━━━━━ INFORMATION SHOWN

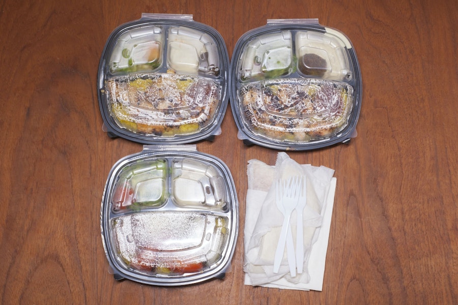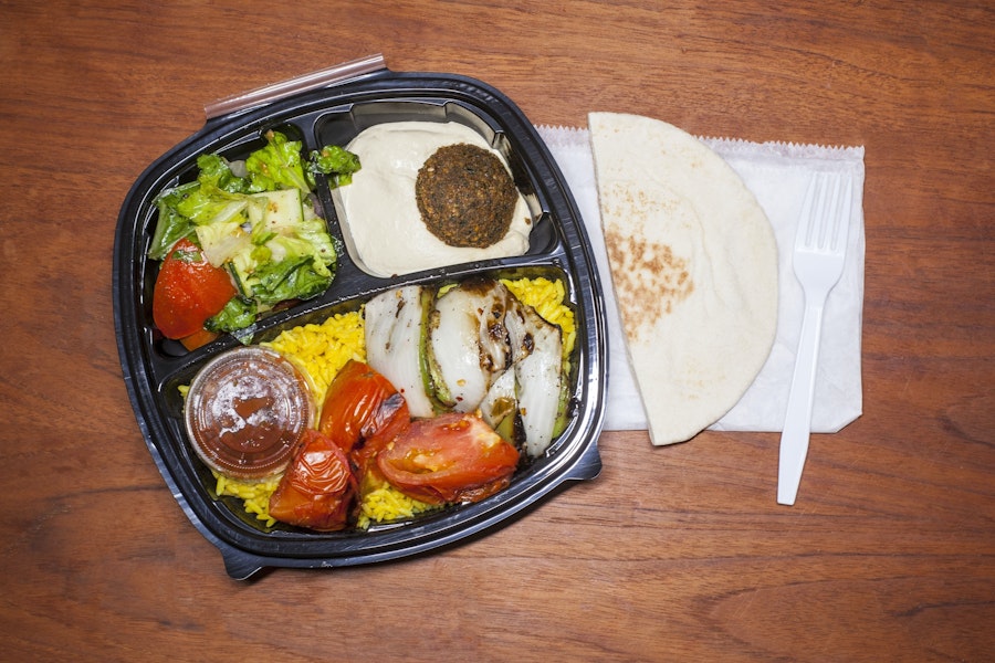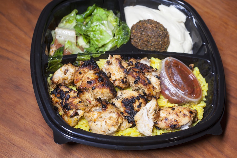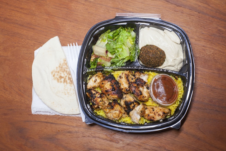 Two skewers of seasonal grilled veggies. Served with rice, hummus salad, pita (pita is not gluten-free),, and sauce on the side
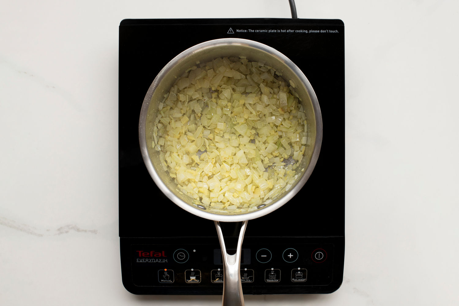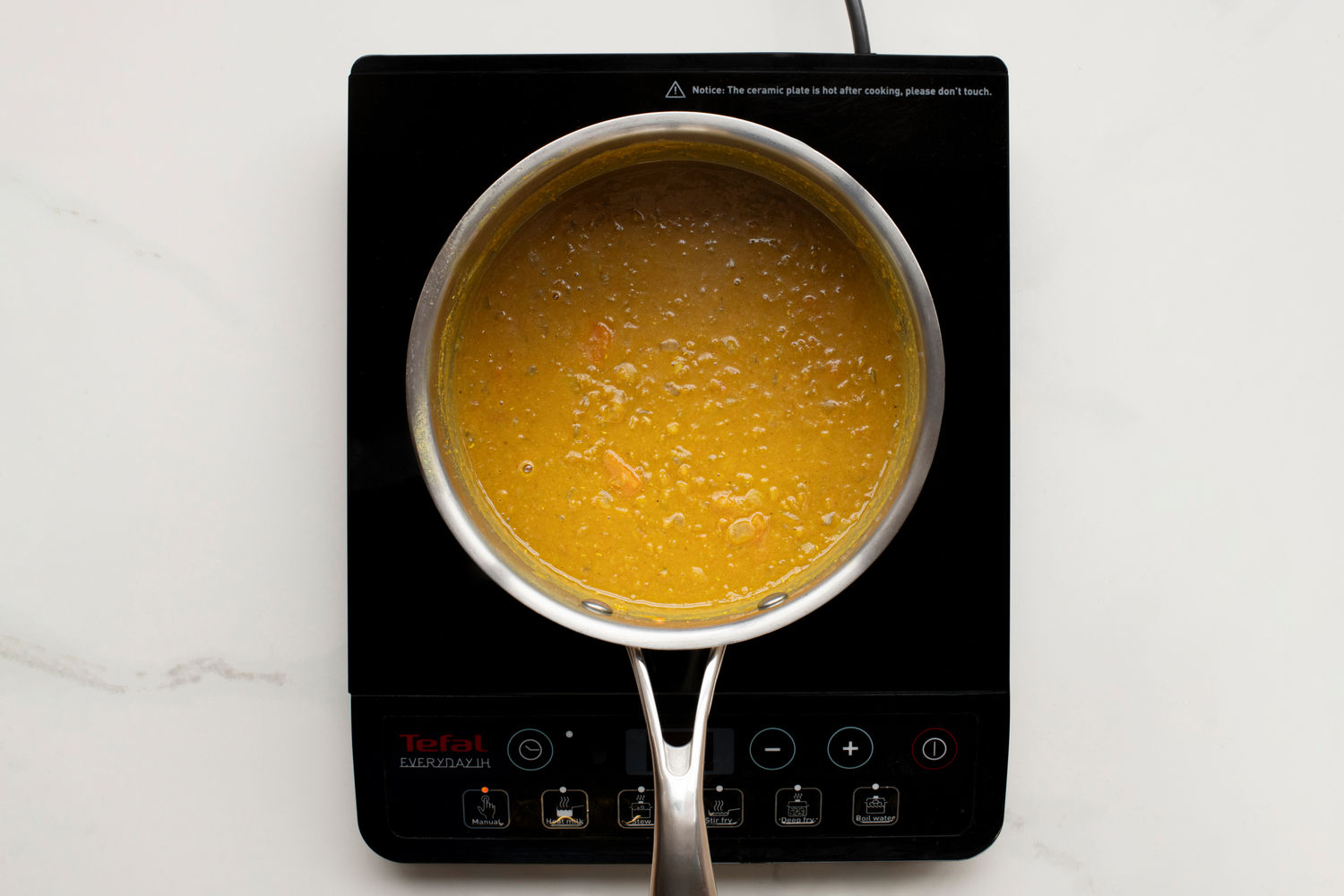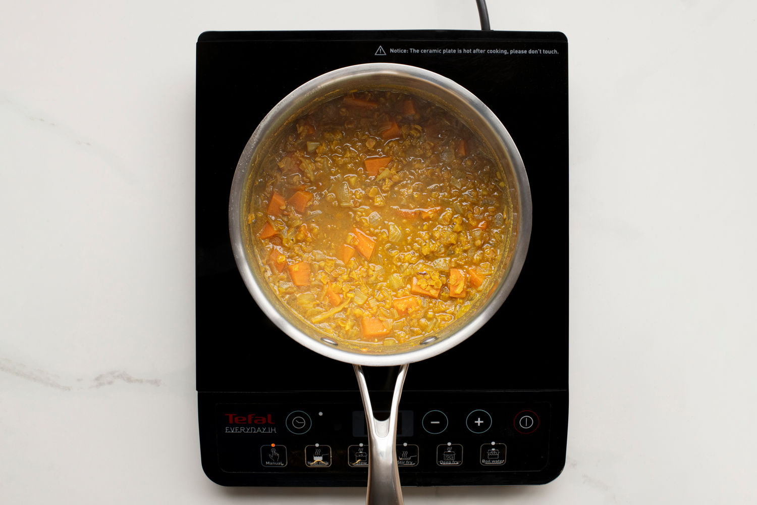 Mash the sweet potatoes into the side of the pan until you reach the consistency you feel will work best for your child. Alternatively, you can use an immersion blender to blend portions or all of the daal.
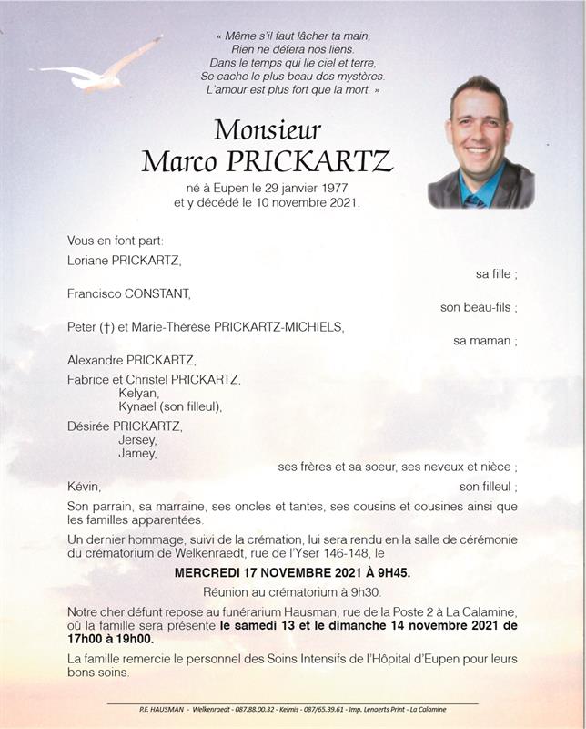 Décédé à Eupen (4700) le mercredi 10 novembre 2021 à l'âge de 44 ans
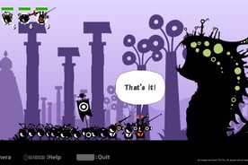W przypadku opisywanego tytułu na uwagę zasługuje także minimalistyczna i specyficzna oprawa wizualna. Przede wszystkim nasi bohaterowie zbudowani są w dość nietypowy sposób (jedynie z oczu) i poruszają się po niezwykle klimatycznych lokacjach. Na potrzeby Patapon Remasteredzadbano o ulepszenie grafiki w stosunku do pierwowzoru.
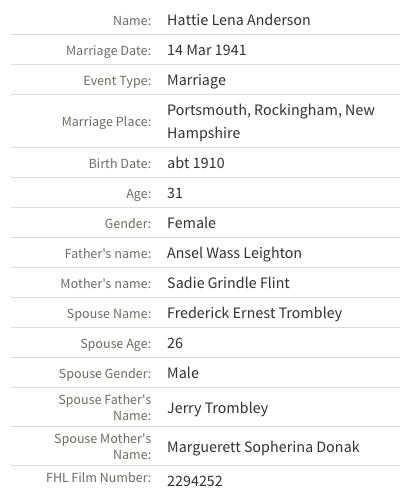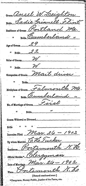 Ansel W. Leighton and Sadie Grinnell FlintMarch 26, 1902Portsmouth, NH
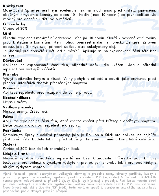 Mosi-Guard Spray je nejsilnější repelent s maximální ochranou před klíšťaty, pijavicemi, obtížným hmyzem a komáry po dobu 10+ hodin ( nad 10 hodin ) po první aplikaci. Je vhodný pro dospělé i děti od 6 měsíců.

━━━━━━━━━━

Copy every line of the records exactly as it is written, but not the pictures.

 Two skewers of seasonal grilled veggies. Served with rice, hummus salad, pita (pita is not gluten-free),, and sauce on the side
 Mash the sweet potatoes into the side of the pan until you reach the consistency you feel will work best for your child. Alternatively, you can use an immersion blender to blend portions or all of the daal.
 Décédé à Eupen (4700) le mercredi 10 novembre 2021 à l'âge de 44 ans
W przypadku opisywanego tytułu na uwagę zasługuje także minimalistyczna i specyficzna oprawa wizualna. Przede wszystkim nasi bohaterowie zbudowani są w dość nietypowy sposób (jedynie z oczu) i poruszają się po niezwykle klimatycznych lokacjach. Na potrzeby Patapon Remasteredzadbano o ulepszenie grafiki w stosunku do pierwowzoru.
 Ansel W. Leighton and Sadie Grinnell FlintMarch 26, 1902Portsmouth, NH
 Mosi-Guard Spray je nejsilnější repelent s maximální ochranou před klíšťaty, pijavicemi, obtížným hmyzem a komáry po dobu 10+ hodin ( nad 10 hodin ) po první aplikaci. Je vhodný pro dospělé i děti od 6 měsíců.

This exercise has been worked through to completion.